Gradient Based Clustering
This work provides a general and computationally efficient clustering approach for machine learning practitioners, but it is incremental as it builds on existing iterative methods with broader applicability.
The authors tackled the problem of distance-based clustering by proposing a gradient-based iterative method that works for a wide range of cost functions, including non-Bregman ones like Huber loss, and demonstrated its effectiveness through numerical experiments on real data.
We propose a general approach for distance based clustering, using the gradient of the cost function that measures clustering quality with respect to cluster assignments and cluster center positions. The approach is an iterative two step procedure (alternating between cluster assignment and cluster center updates) and is applicable to a wide range of functions, satisfying some mild assumptions.
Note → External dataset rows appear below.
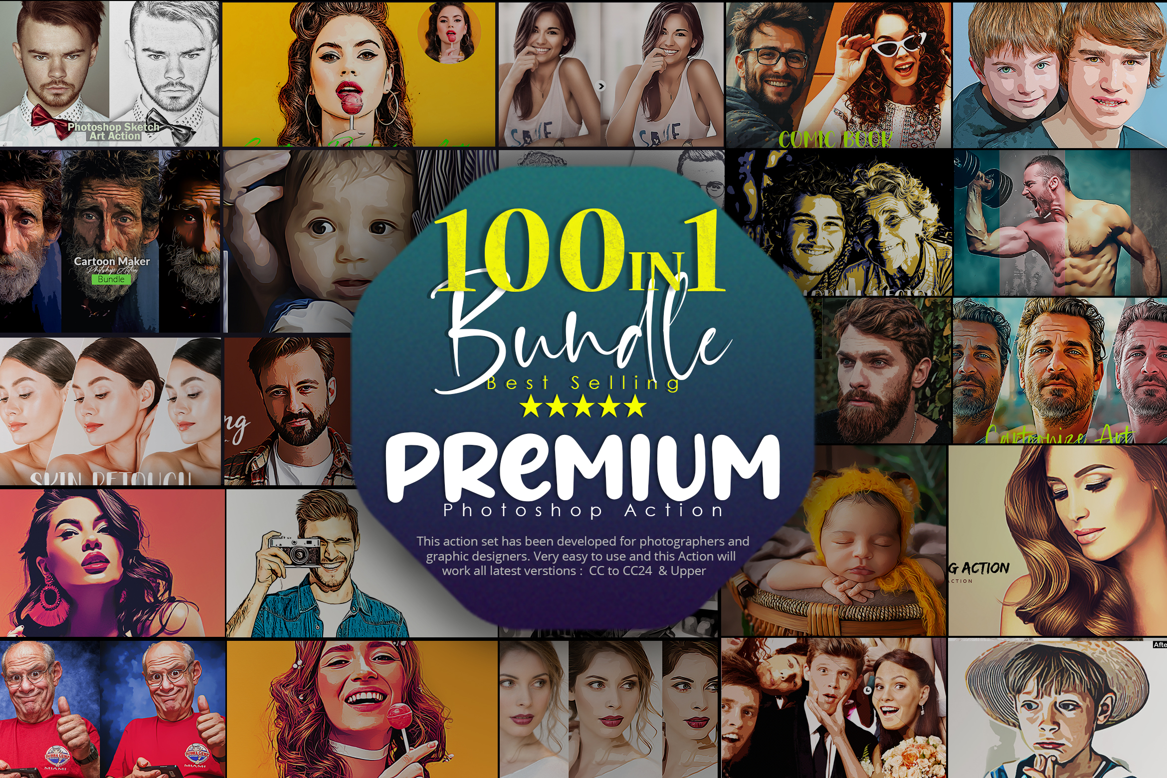 A 100-in-1 Bundle featuring best-selling premium Photoshop actions to simplify the process of creating realistic effects and add unique touches to your images, allowing you to effortlessly transform ordinary photos into artistic and highly personalized creations.
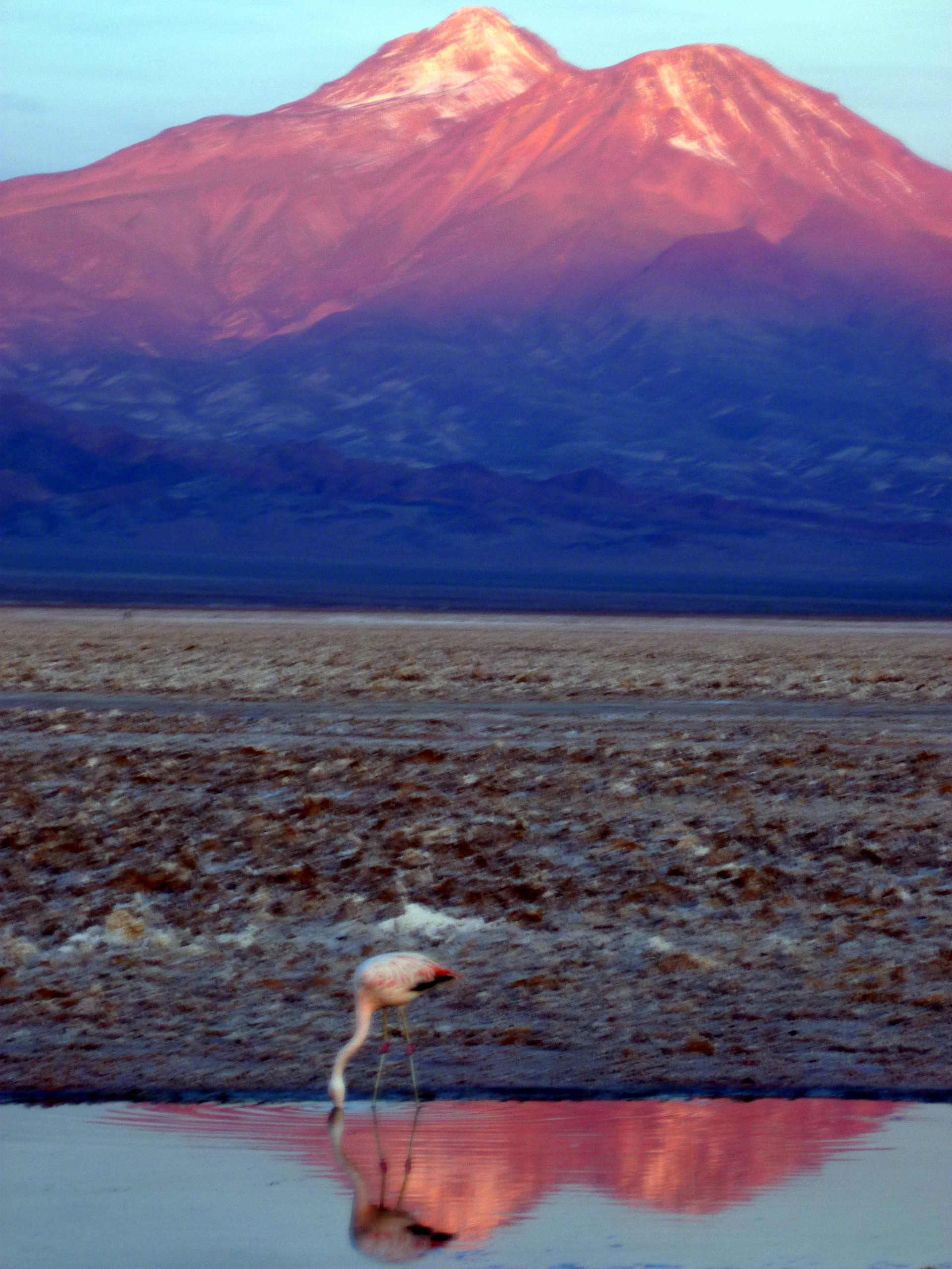 The Salar de Atacama is home to a protected flamingo reserve. I watched an intense pink and lavender sunset reflected in the Chaxa Lagoon as the long, elegant bodies of Andean flamingos, the rarest flamingo in the world, quietly grazed in the salty water for microscopic algae.
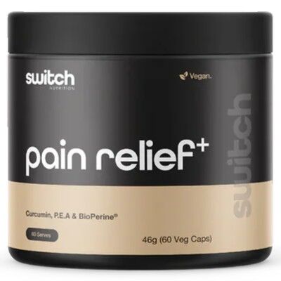 Switch Nutrition Pain Relief+ is a specialised herbal and nutritional formula designed to support joint comfort, mobility and recovery. This version reflects the original label using curcumin, palmitoylethanolamide (PEA) and BioPerine in a convenient capsule format.
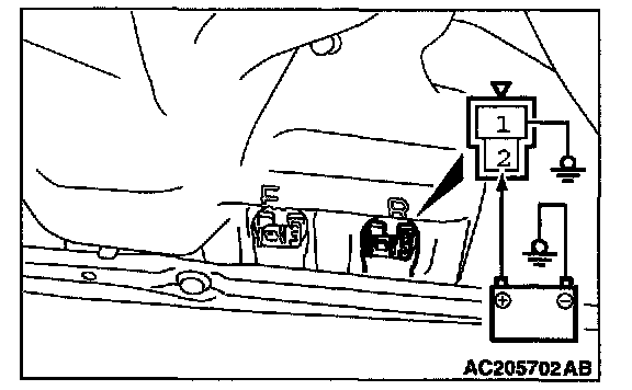 4. When connect the positive battery terminal to rear washer motor connector terminal number 2 , washer fluid should gush out.
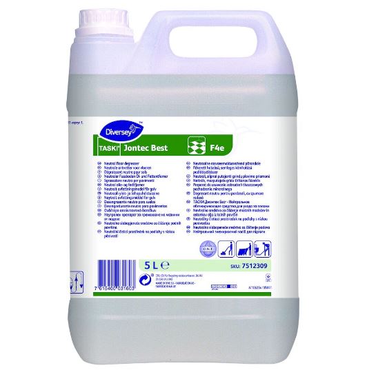 TASKI JONTEC BEST F4E 5L - NEUTRALE ONTVETTER VOOR VLOEREN Krachtige laagschuimende oplosmiddelhoudende vloerreiniger voor de verwijdering van minerale_synthetische olie vet rubber en wateroplosbaar vuil van alle waterbestendige harde vloeren. Kan in minimale dosering gebruikt worden op behandelde vloeren. pH neutraal Groot emulgerend vermogen Laagschuimend snelwerkend Veelzijdige toepassing Milieuverantwoord voor afvoer via het afvalwater Unieke gepatenteerde geur neutralisatie Odour Neutralizing Technology; O.N.T. Geschikt voor gebruik op alle waterbestendige harde vloeren Verwijdert snel en grondig minerale_synthetische olie vet bandensporen en wateroplosbaar vuil Ideaal voor schrobzuigmachines: laagschuimend voor snelle opname van de oplossing en optimaal gebruik van de watertank Tevens geschikt voor sproeireiniging met eenschijfsmachines en handmatige reiniging met een geschikt mopsysteem Geschikt om via een olie_vetafscheider te lozen De gepatenteerde geur neutralisatie Odour Neutralizing Technology; O.N.T. vernietigt onaangename geuren waardoor er een langdurige frisse achterblijft.
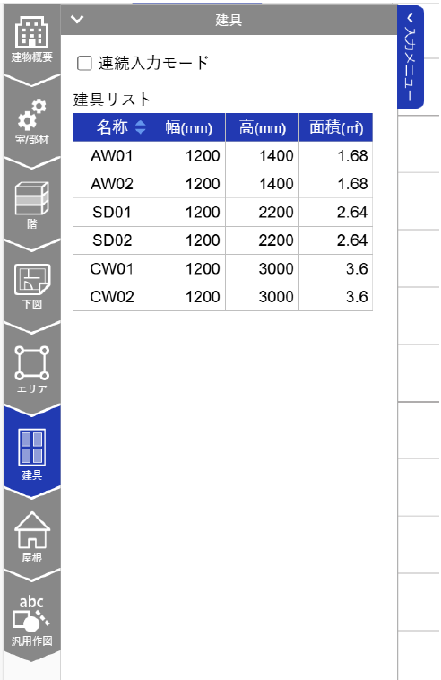 建具の設定を行い、エリアメニューに適用される情報を設定します。
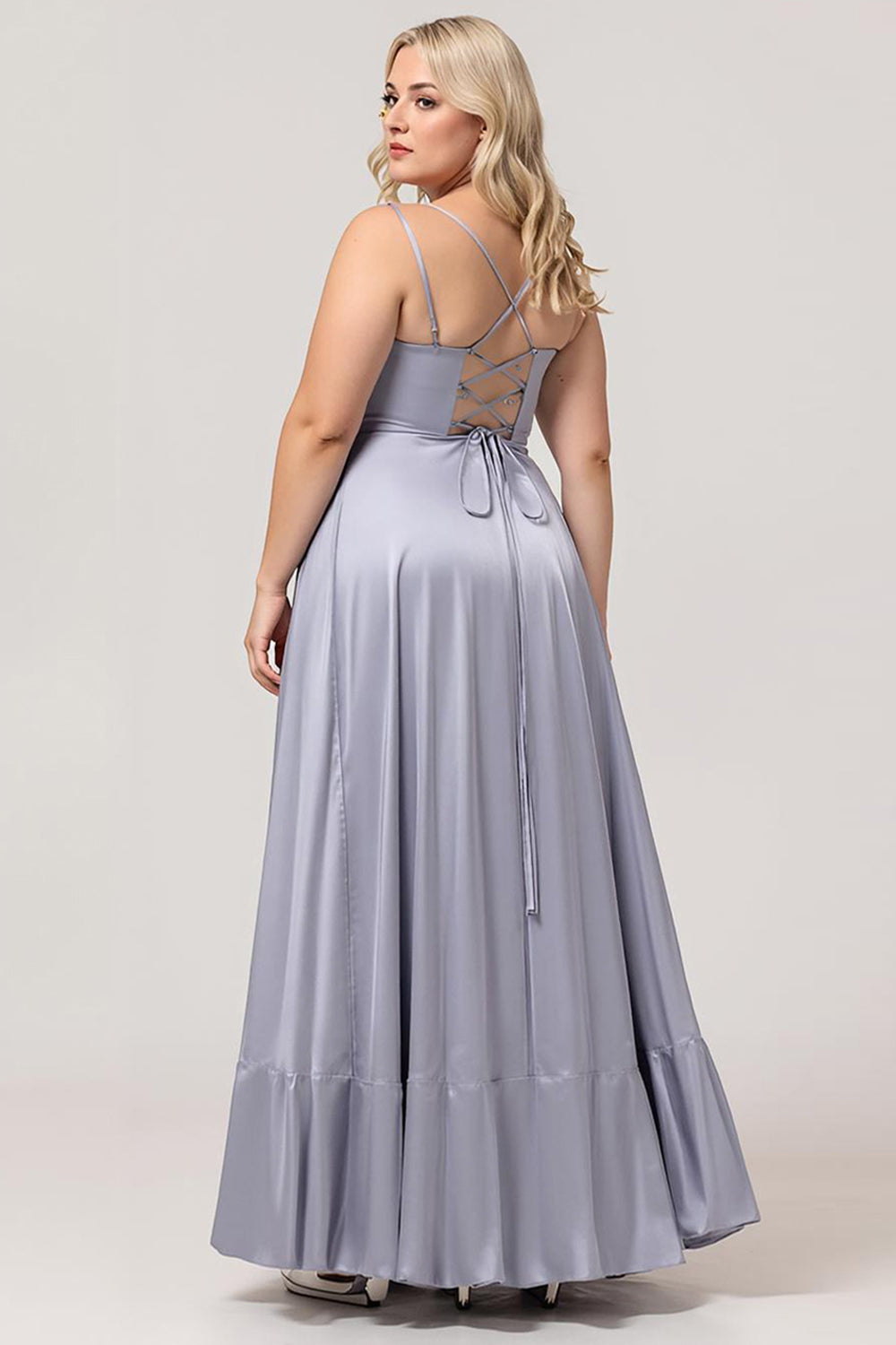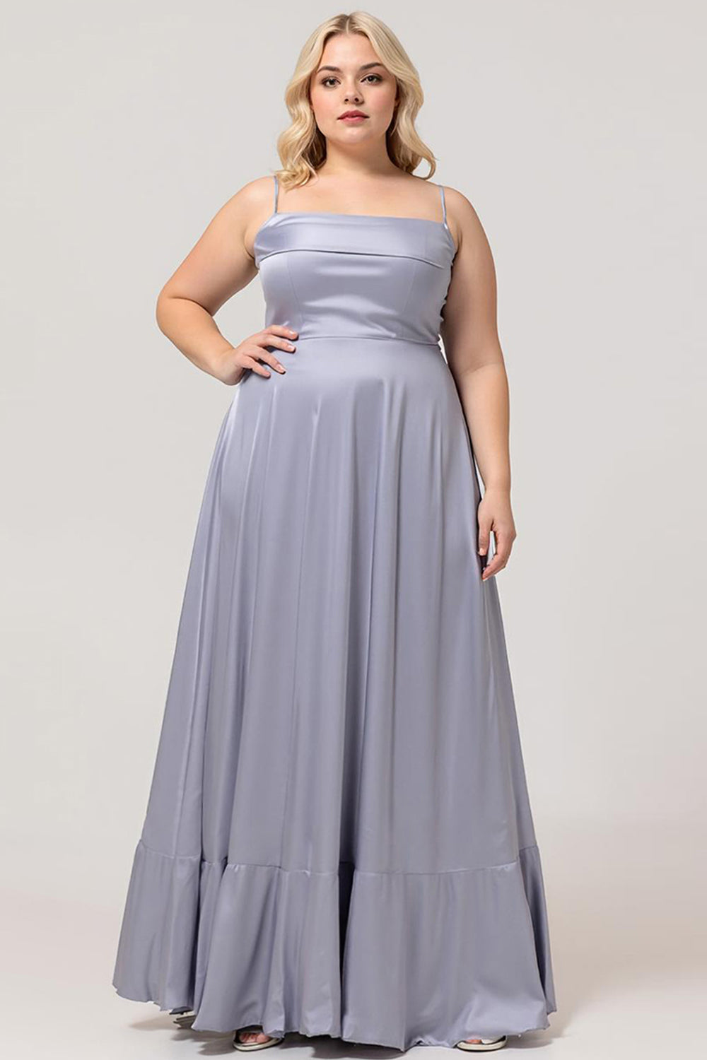 Dusty Blue A-Line Satin Long Plus Size Bridesmaid Dress with Lace Up Back

The main advantage of the proposed approach is a simple and computationally cheap update rule. Unlike previous methods that specialize to a specific formulation of the clustering problem, our approach is applicable to a wide range of costs, including non-Bregman clustering methods based on the Huber loss. We analyze the convergence of the proposed algorithm, and show that it converges to the set of appropriately defined fixed points, under arbitrary center initialization. In the special case of Bregman cost functions, the algorithm converges to the set of centroidal Voronoi partitions, which is consistent with prior works. Numerical experiments on real data demonstrate the effectiveness of the proposed method.